§ **Goal of the exercise**
Please write out exactly the lines of the data below from the line holding "现在市面上已经有了很多黑科技" through the line holding "Ціни на сливи в супермаркетах", and leave out the rest.

*** Information provided ***

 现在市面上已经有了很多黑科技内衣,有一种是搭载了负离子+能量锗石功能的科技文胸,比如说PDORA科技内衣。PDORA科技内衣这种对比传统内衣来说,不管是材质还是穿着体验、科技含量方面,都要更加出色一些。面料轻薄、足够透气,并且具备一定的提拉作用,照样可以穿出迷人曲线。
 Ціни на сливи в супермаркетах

*** End of Information provided ***
*** Information provided ***

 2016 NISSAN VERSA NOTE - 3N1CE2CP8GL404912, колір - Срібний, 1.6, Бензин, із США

*** End of Information provided ***
*** Information provided ***

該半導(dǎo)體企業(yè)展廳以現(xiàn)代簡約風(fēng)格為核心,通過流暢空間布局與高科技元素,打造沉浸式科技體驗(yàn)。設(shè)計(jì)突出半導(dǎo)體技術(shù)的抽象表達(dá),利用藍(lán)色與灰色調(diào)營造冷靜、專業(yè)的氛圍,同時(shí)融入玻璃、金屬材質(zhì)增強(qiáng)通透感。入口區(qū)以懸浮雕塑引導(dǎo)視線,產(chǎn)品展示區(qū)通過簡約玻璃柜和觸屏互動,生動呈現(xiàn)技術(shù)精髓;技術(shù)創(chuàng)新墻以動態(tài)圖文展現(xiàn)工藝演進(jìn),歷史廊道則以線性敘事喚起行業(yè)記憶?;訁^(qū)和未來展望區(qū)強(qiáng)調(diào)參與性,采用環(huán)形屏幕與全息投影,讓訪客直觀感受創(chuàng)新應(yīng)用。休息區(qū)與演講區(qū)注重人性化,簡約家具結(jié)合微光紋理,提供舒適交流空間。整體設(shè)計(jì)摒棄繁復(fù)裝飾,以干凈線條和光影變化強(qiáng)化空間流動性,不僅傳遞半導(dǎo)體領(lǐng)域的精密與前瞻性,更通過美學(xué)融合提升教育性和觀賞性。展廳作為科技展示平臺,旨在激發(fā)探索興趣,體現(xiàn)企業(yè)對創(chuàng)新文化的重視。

*** End of Information provided ***

§ **Reply**
 现在市面上已经有了很多黑科技内衣,有一种是搭载了负离子+能量锗石功能的科技文胸,比如说PDORA科技内衣。PDORA科技内衣这种对比传统内衣来说,不管是材质还是穿着体验、科技含量方面,都要更加出色一些。面料轻薄、足够透气,并且具备一定的提拉作用,照样可以穿出迷人曲线。
 Ціни на сливи в супермаркетах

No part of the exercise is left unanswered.